#### TASK OBJECTIVE:
Starting with the line with "Πιστόλι θερμικής σιλικόνης" in the entries below and going on through the line with "创建好网站之后,点击网站目录", output every line exactly and nothing more. No pictures.
■ ■ ■ ■ ■ ■ ■
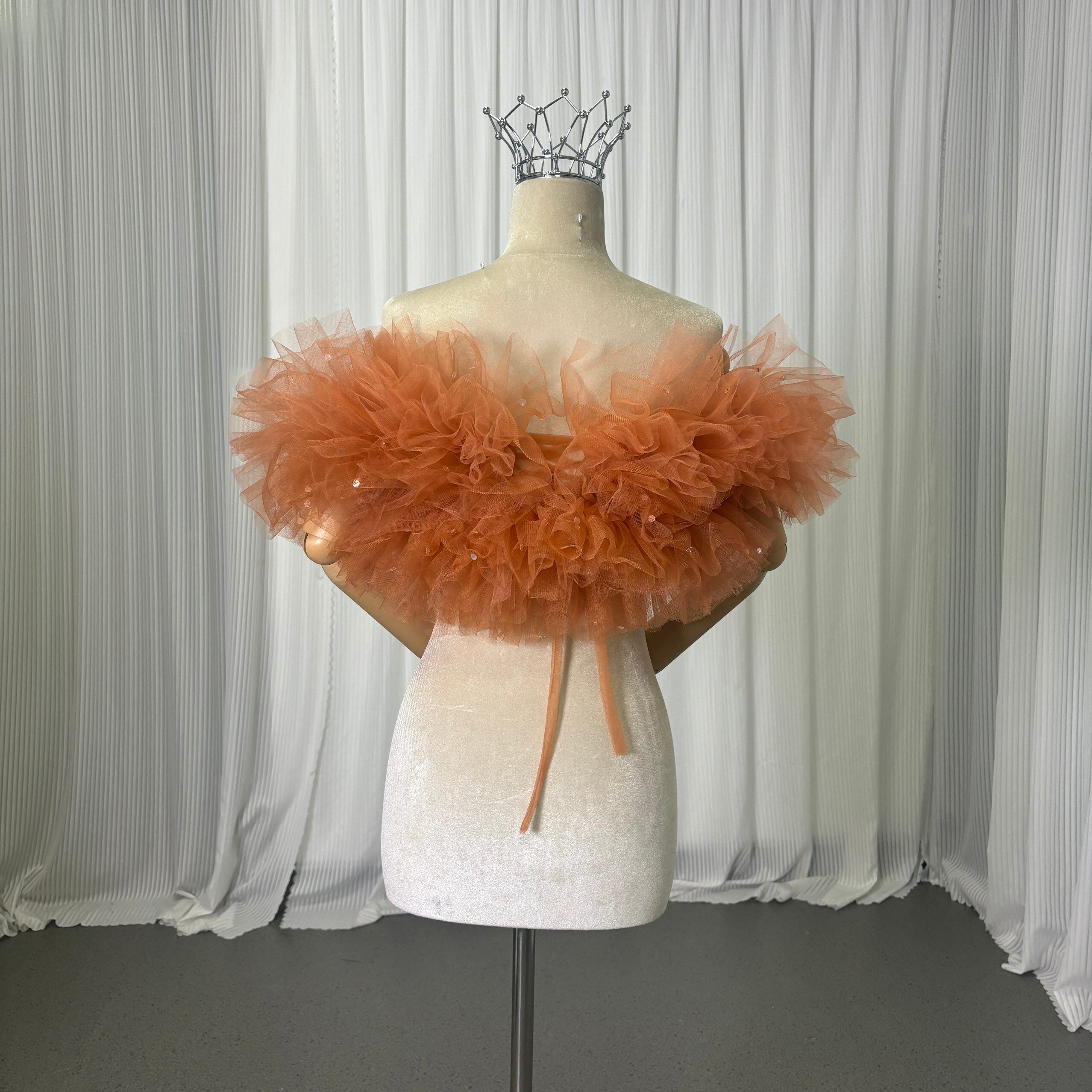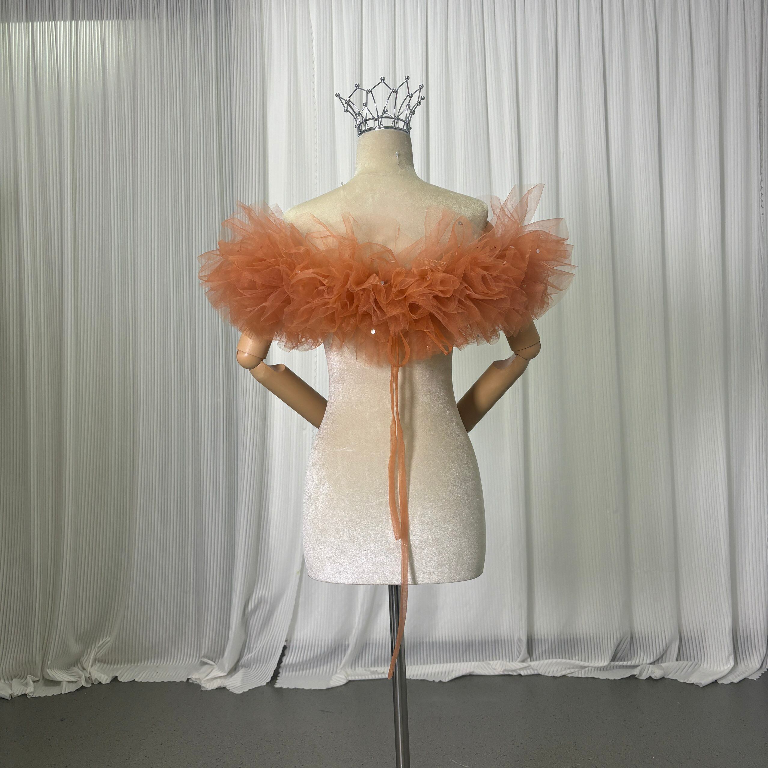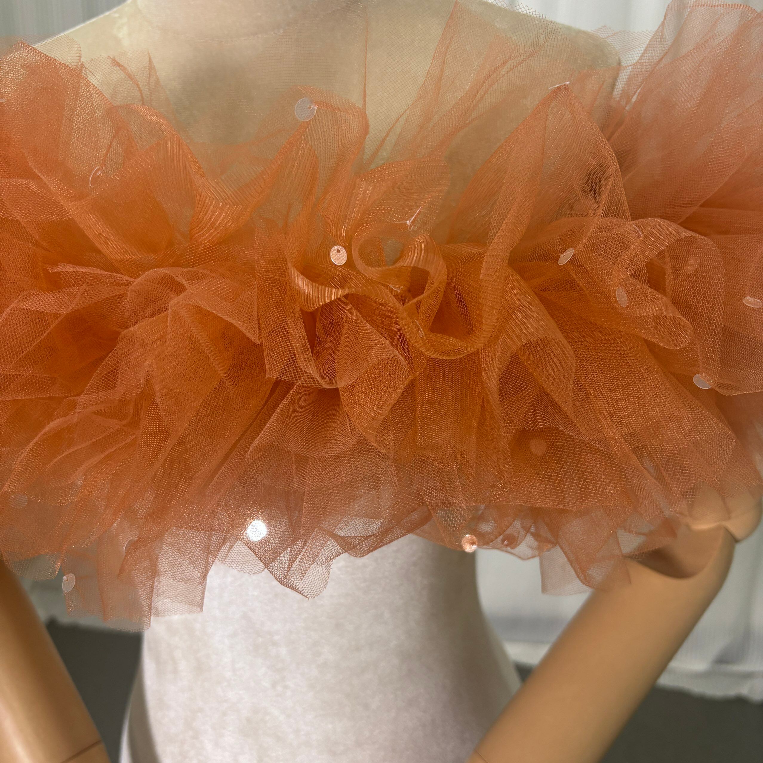 取り外し可能なオフショルダー オレンジ キラキラスパンコール 編み上げ オーダーメイド フリルオフショルダー
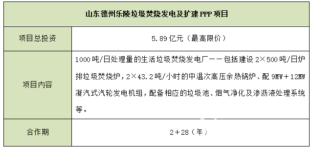 山東德州樂陵垃圾焚燒發(fā)電及擴(kuò)建PPP項(xiàng)目
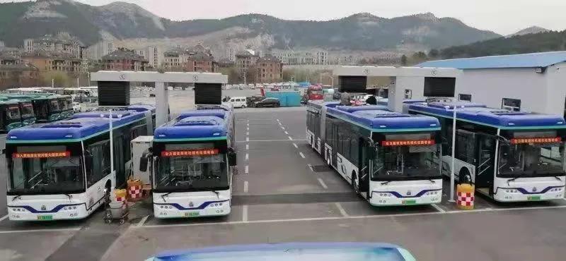 2021年秋天,在山東濟南公交媒體村公交充電站,4輛公交車正在使用充電弓進行充電。
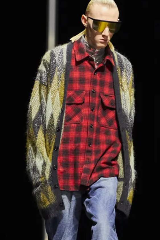 Goodbye simple jumpers! Knitwear is embracing bold storytelling for FW23 to help consumers express their identity. Colorful knit sweaters have grown by +80%, embracing jacquards and intarsia techniques for all-overs, motifs and new appearances. Jumpers and Cardigans are becoming a canvas for multiple design themes and depict current trends from Grunge, Horticulture, New Masculinity and Prep School Academia. Especially distressed and grungy styles are the must-have of the next season, with holes or loose yarns adding a rough look. The aesthetic has been seeing +120% growth in yearly search rates and have a promising business perspective.  Mohair is certainly a new favorite and consumers are spiking searches by +70% YOY now.
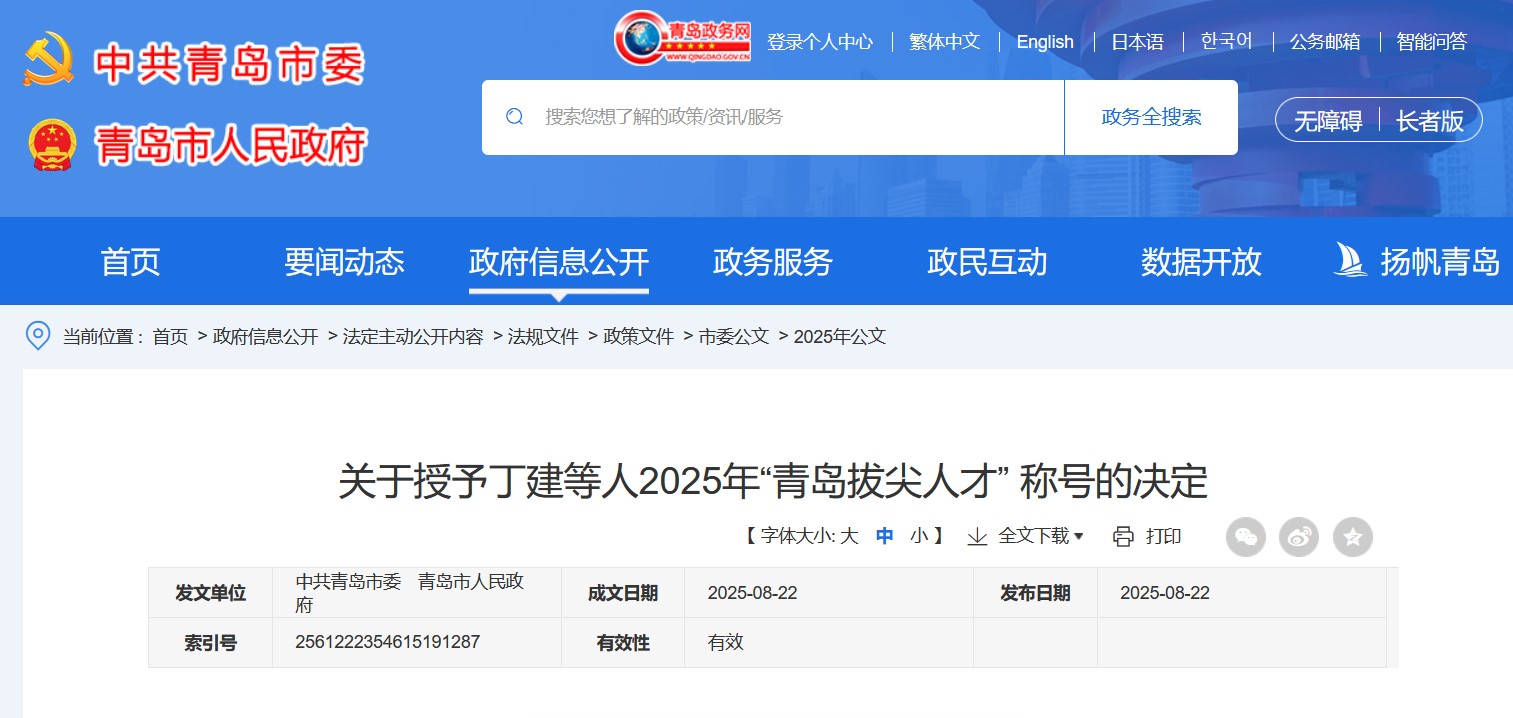 喜報!我所3名同志被授予2025年“青島拔尖人才”稱號
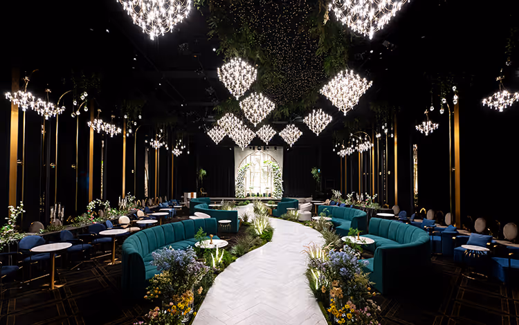 화이트톤 인테리어와 세련된 조명으로 꾸며진 웨딩홀이에요.
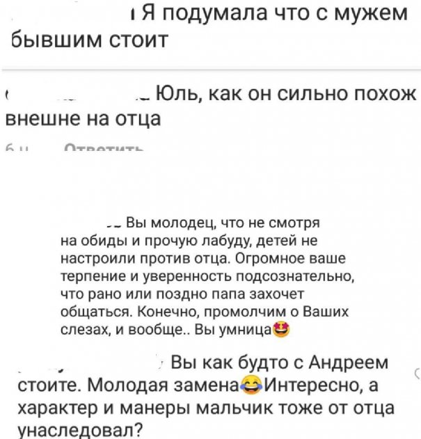 В комментариях под совместной семейной фотографией поклонники отметили, что статный и высокий мальчик стал «копией» Аршавина. Многих удивило, что примерная мама Юлия решила взять с собой во взрослый ресторан совсем юного сына. Они предположили, что общением с ребенком, который напоминает ей потерянного возлюбленного, Барановская компенсирует «амурную боль».
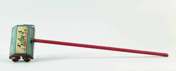 WALT DISNEY MICKEY MOUSE SWEEPER This great old lithographed tin sweeper depicts Mickey and Minnie making music on the piano. SIZE: Sweeper is 7-1/2″ w, shaft is 24″ l. CONDITION: Generally very good. A couple of small dents with very few minor rust spots. 1-628 (250-450) Auction: Advertising, Toy & Doll - Spring 2003 Please Note: All prices include the hammer price plus the buyer’s premium, which is paid by the buyer as part of the purchase price. The prices noted here after the auction are considered unofficial and do not become official until after the 46th day. |
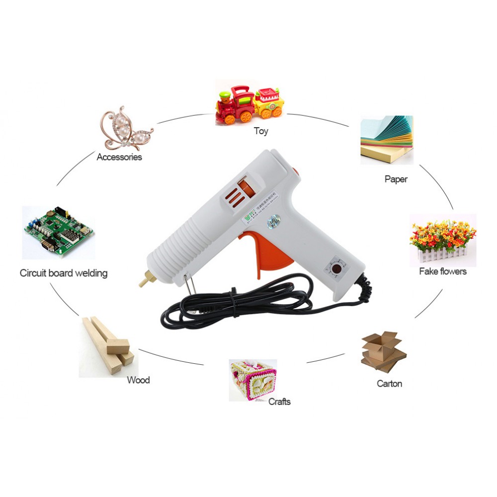 Πιστόλι θερμικής σιλικόνης με ρυθμιζόμενη θερμοκρασία. Διαθέτει αναδιπλώμενη βάση για εύκολή τοποθέτηση του πιστολιού και ενδεικτική λυχνία ισχύος. Κατάλληλο για ράβδους σιλικόνης 11-11.5mm
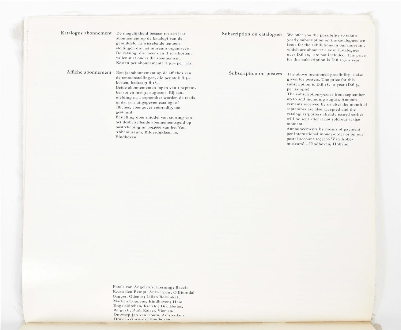 Eindhoven, Van Abbemuseum, 1969. Exhibition catalogue with original white fake fur cover, 26 x 24 cm, 20 pp.
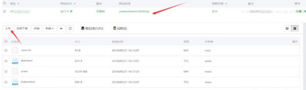 创建好网站之后,点击网站目录可以直接跳转到这个网站的目录,大家的网站源码可以先压缩为zip文件,然后在这里上传 ,压缩包可以在面板上面直接解压
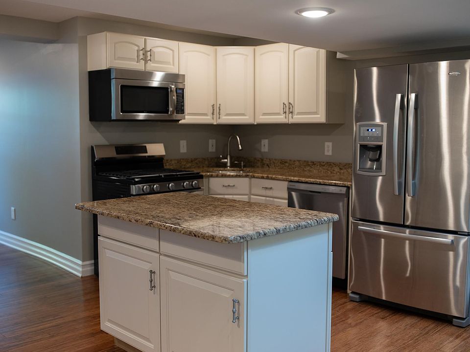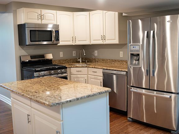 This great first floor unit was just renovated and is completely move-in ready! Spacious kitchen features granite countertops with island, pantry, newer stainless steel appliances, recessed lighting and beautiful bamboo flooring. Living room has vaulted ceiling and brand new carpeting. Huge glamour bath has vaulted ceilings and extra large tile shower and jacuzzi tub. Fresh paint throughout. Large, park-like backyard has inviting private covered patio. First floor unit with no step entry. Utility room offers plenty of extra storage space and has laundry hookups. Extra large garage space available for extra $100/mo. Excellent location close to all conveniences including shopping, restaurants, parks, and thruway access. Owner pays for water. Renter responsible for gas & electric. No smoking allowed. No pets preferred, but will consider for extra deposit/monthly rent.
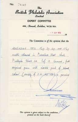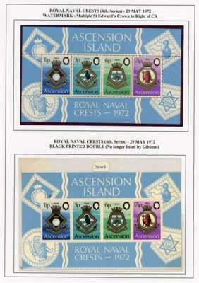 1972 Naval Crests (4th series) miniature sheet, unmounted o.g. with watermark Crown to right of CA. Also a further unmounted o.g. miniature sheet with black printed double, BPA Certificate (1972). SG MS158w, £325
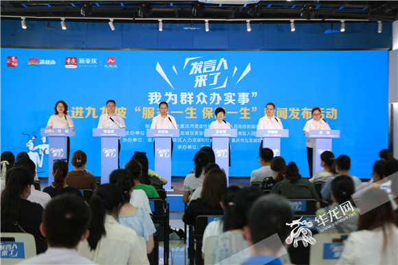 “你提问,我回答!”9月26日下午,“发言人来了——我为群众办实事”九龙坡区“服务一生 保障一生”发布活动顺利举行。活动现场,群众就关心的社保、就业、职称等问题向区人力社保局“发言人”提问。九龙坡区人力资源和社会保障局五位发言人细心作答,并以对话形式向群众解读政策,分享成果。
■ ■ ■ ■ ■ ■ ■
#### WRITTEN ANSWER:
 Πιστόλι θερμικής σιλικόνης με ρυθμιζόμενη θερμοκρασία. Διαθέτει αναδιπλώμενη βάση για εύκολή τοποθέτηση του πιστολιού και ενδεικτική λυχνία ισχύος. Κατάλληλο για ράβδους σιλικόνης 11-11.5mm
 Eindhoven, Van Abbemuseum, 1969. Exhibition catalogue with original white fake fur cover, 26 x 24 cm, 20 pp.
 创建好网站之后,点击网站目录可以直接跳转到这个网站的目录,大家的网站源码可以先压缩为zip文件,然后在这里上传 ,压缩包可以在面板上面直接解压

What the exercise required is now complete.